In the returned response `xc` we can see the most relevant questions to our particular query — we don't have any exact matches but we can see that the returned questions are similar in the topics they are asking about. We can reformat this response to be a little easier to read:

In [None]:
for result in xc['matches']:
    print(f"{round(result['score'], 2)}: {result['metadata']['text']}")

0.79:  What's the world's largest city?
0.73:  What is the biggest city?
0.71:  What are the world's most advanced cities?
0.7:  Where is the most beautiful city in the world?
0.66:  What is the greatest, most beautiful city in the world?


These are good results, let's try and modify the words being used to see if we still surface similar results.

In [None]:
query = "which metropolis has the highest number of people?"

# create the query vector
xq = model.encode(query).tolist()

# now query
xc = index.query(xq, top_k=5, include_metadata=True)
for result in xc['matches']:
    print(f"{round(result['score'], 2)}: {result['metadata']['text']}")

0.64:  What is the biggest city?
0.6:  What is the most dangerous city in USA?
0.59:  What's the world's largest city?
0.59:  What is the most dangerous city in USA? Why?
0.58:  What are the world's most advanced cities?


Here we used different terms in our query than that of the returned documents.

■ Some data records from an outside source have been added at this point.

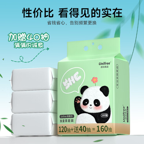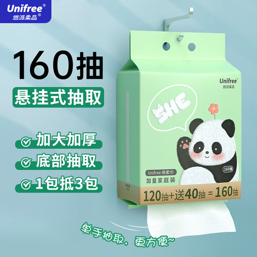 当前的位置: 首页 > 今日值得买 > unifree一次性洗脸巾加大加厚悬挂抽取式洁面擦脸巾绵柔巾160抽 抽取式悬挂式洗脸巾1提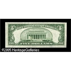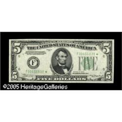 <B>Fr. 1956-F* $5 1934 Mule Federal Reserve Note. Crisp Uncirculated.</B></I><BR>The embossing on this challenging Mule is not quite up to our standards for a higher grade.<BR><I>Acquired from Dean Oakes.</B></I> Lot:15912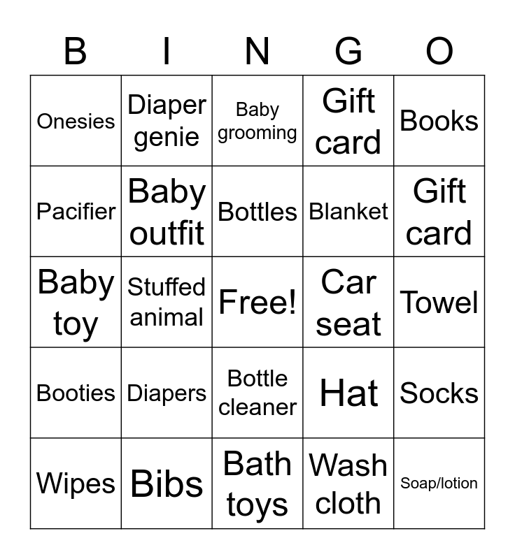 This bingo card has a free space and 24 words: Diapers, Bibs, Bottles, Wipes, Books, Onesies, Pacifier, Diaper genie, Car seat, Bottle cleaner, Blanket, Baby toy, Hat, Socks, Baby outfit, Wash cloth, Towel, Baby grooming, Gift card, Stuffed animal, Soap/lotion, Booties, Gift card and Bath toys.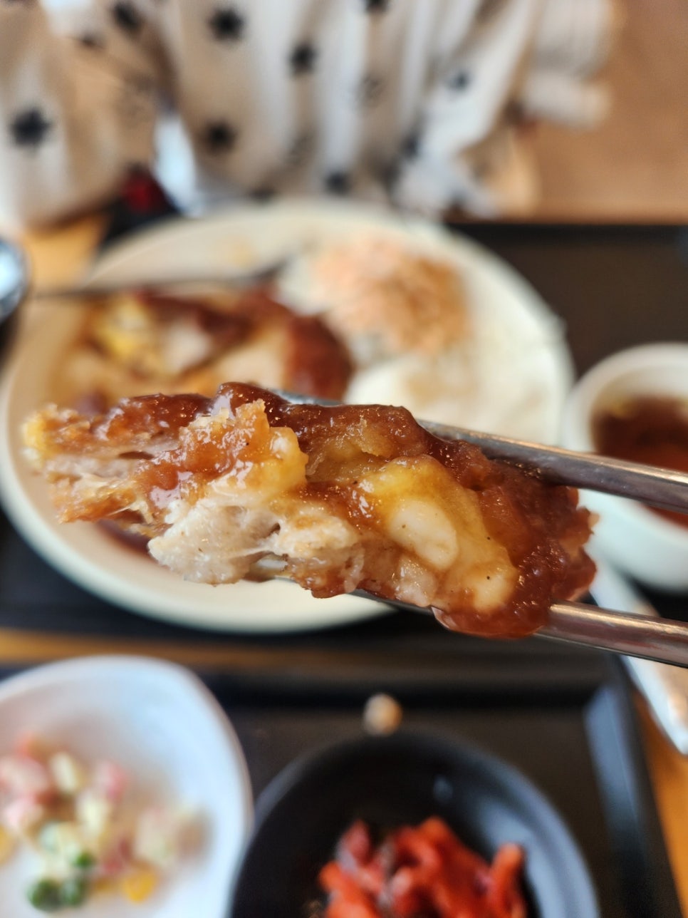 돈까스 튀김옷도 바삭하고, 안에 고구마와 치즈도 있어서 맛있었어요😍

We substituted **"city"** for **"metropolis"** and **"populated"** for **"number of people"**.

Despite these very different terms and *lack* of term overlap between query and returned documents — we get highly relevant results — this is the power of *semantic search*.

You can go ahead and ask more questions above. When you're done, delete the index to save resources:

In [None]:
pinecone.delete_index(index_name)

---